Moreover, the research team has made an additional discovery regarding the existence of distinct neurons within the hippocampal CA1 region of the subject mouse. These neurons are responsible for processing positive information linked to various individual mice. This finding highlights an integral aspect of social relationship formation, which involves attributing positive or negative value to social interactions with others and subsequently updating that valuation. For instance, when establishing a friendship with a specific individual, it becomes crucial to evaluate the degree of enjoyment and reward derived from engaging with them.

The identified CA1 neurons displayed a heightened response when the subject mouse encountered individuals associated with rewards. Notably, this specific response linked to reward expectations was not observed when the subject mouse was exposed to odors unrelated to social interactions, such as citral or butanol. These findings strongly suggest that the hippocampal CA1 region plays a pivotal and selective role in the establishment of associative social memories. The results imply that this brain region is specifically involved in encoding and storing information related to social interactions that are associated with positive outcomes.

The aspiration is that this newfound revelation may ultimately offer a viable remedy for diverse brain disorders that impede the ability to establish social connections.
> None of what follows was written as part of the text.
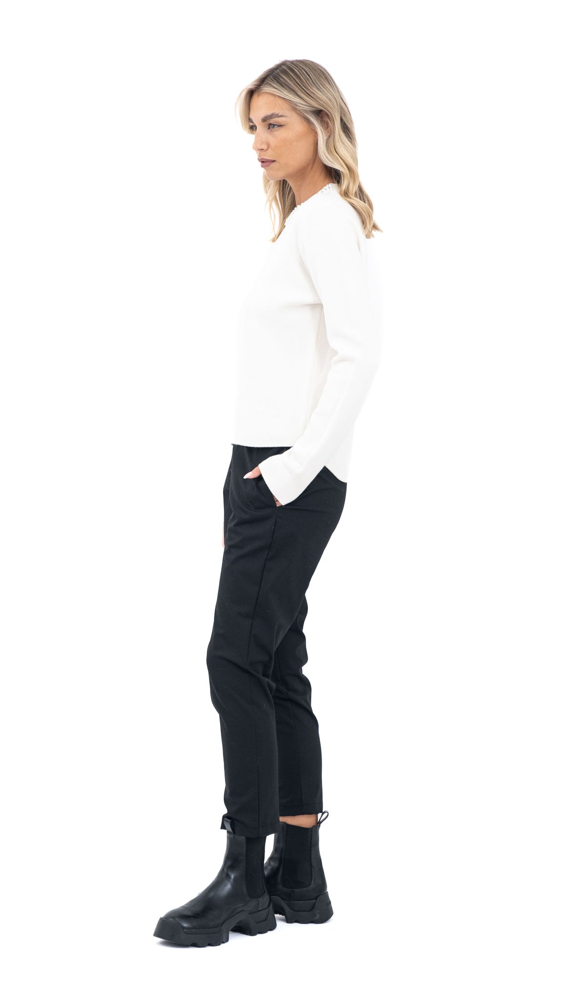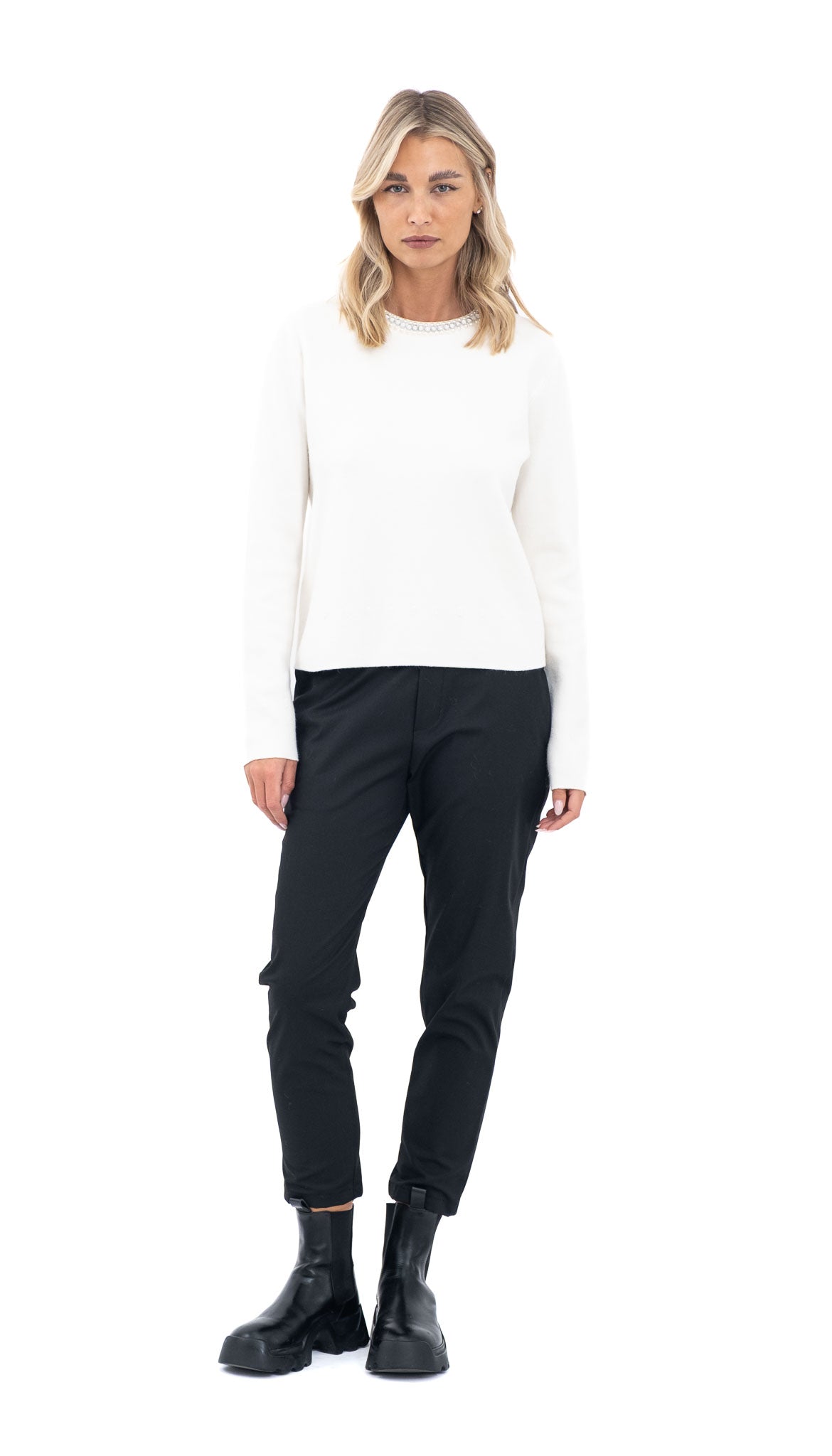 Bijela majica od viskoze s jednostavnim krojem. Lagana, ugodna i nosiva kroz sve sezone. Obrub oko vrata obrubljen perlicama.

Dr. Lee highlights that their findings hold the potential to contribute towards comprehending and suggesting therapeutic approaches for mental disorders like autism. These conditions often manifest irregularities in brain functions associated with memory processing and the comprehension of information pertaining to others. By leveraging the insights gained from their research, Dr. Lee suggests that their results could be utilized to develop effective treatment methods tailored to address such cognitive abnormalities in mental disorders.